---- Task material

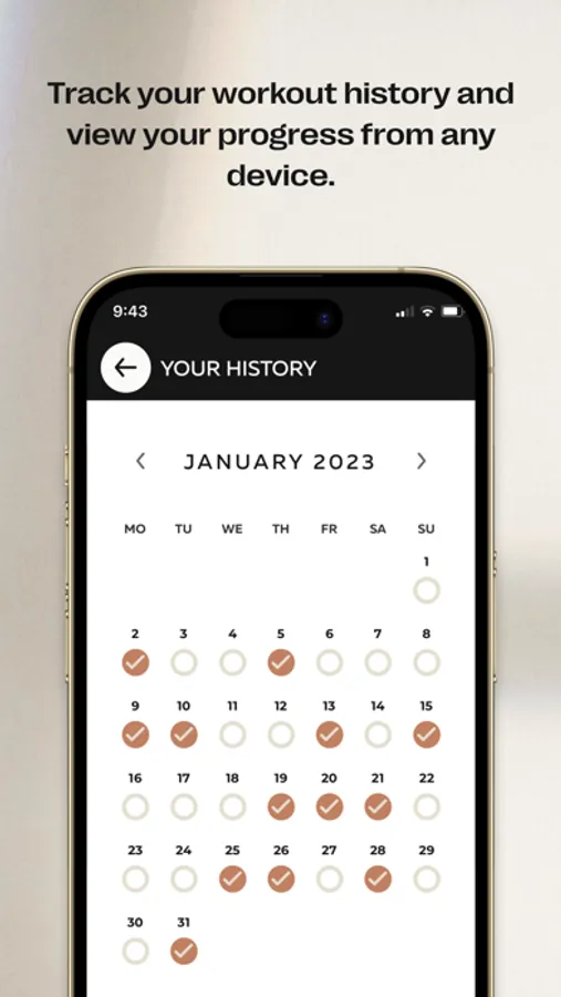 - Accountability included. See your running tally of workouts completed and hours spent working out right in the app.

--------
---- Task material

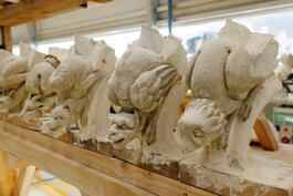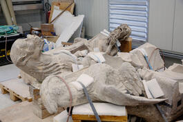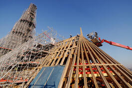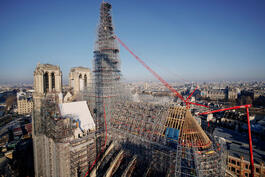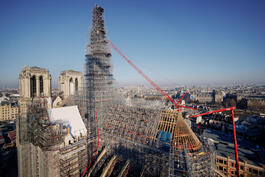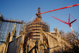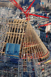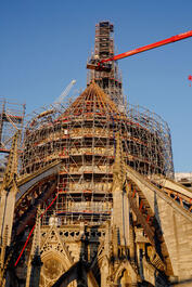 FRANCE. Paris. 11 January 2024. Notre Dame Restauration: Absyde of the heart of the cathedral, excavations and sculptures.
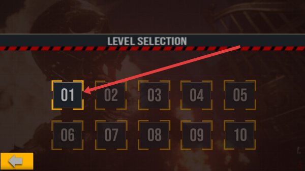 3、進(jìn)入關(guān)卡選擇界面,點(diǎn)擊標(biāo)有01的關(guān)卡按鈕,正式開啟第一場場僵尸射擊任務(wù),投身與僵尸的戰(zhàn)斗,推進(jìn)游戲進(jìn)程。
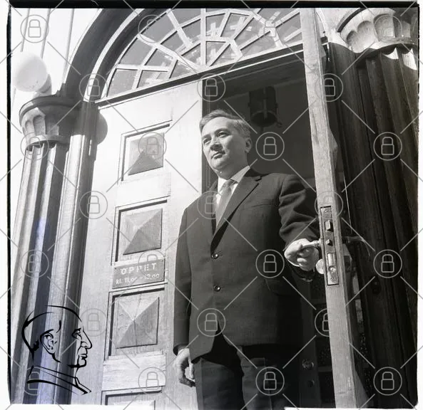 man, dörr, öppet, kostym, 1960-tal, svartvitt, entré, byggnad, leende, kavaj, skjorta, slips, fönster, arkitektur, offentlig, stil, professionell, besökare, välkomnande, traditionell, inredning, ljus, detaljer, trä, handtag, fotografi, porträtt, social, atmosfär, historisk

--------

▶ **Work instructions**
From the records above, return exactly the lines running from the one that contains "FRANCE. Paris. 11" down to the one that contains "3、進(jìn)入關(guā", both included, without any pictures.

▶ **Solved problem**
 FRANCE. Paris. 11 January 2024. Notre Dame Restauration: Absyde of the heart of the cathedral, excavations and sculptures.
 3、進(jìn)入關(guān)卡選擇界面,點(diǎn)擊標(biāo)有01的關(guān)卡按鈕,正式開啟第一場場僵尸射擊任務(wù),投身與僵尸的戰(zhàn)斗,推進(jìn)游戲進(jìn)程。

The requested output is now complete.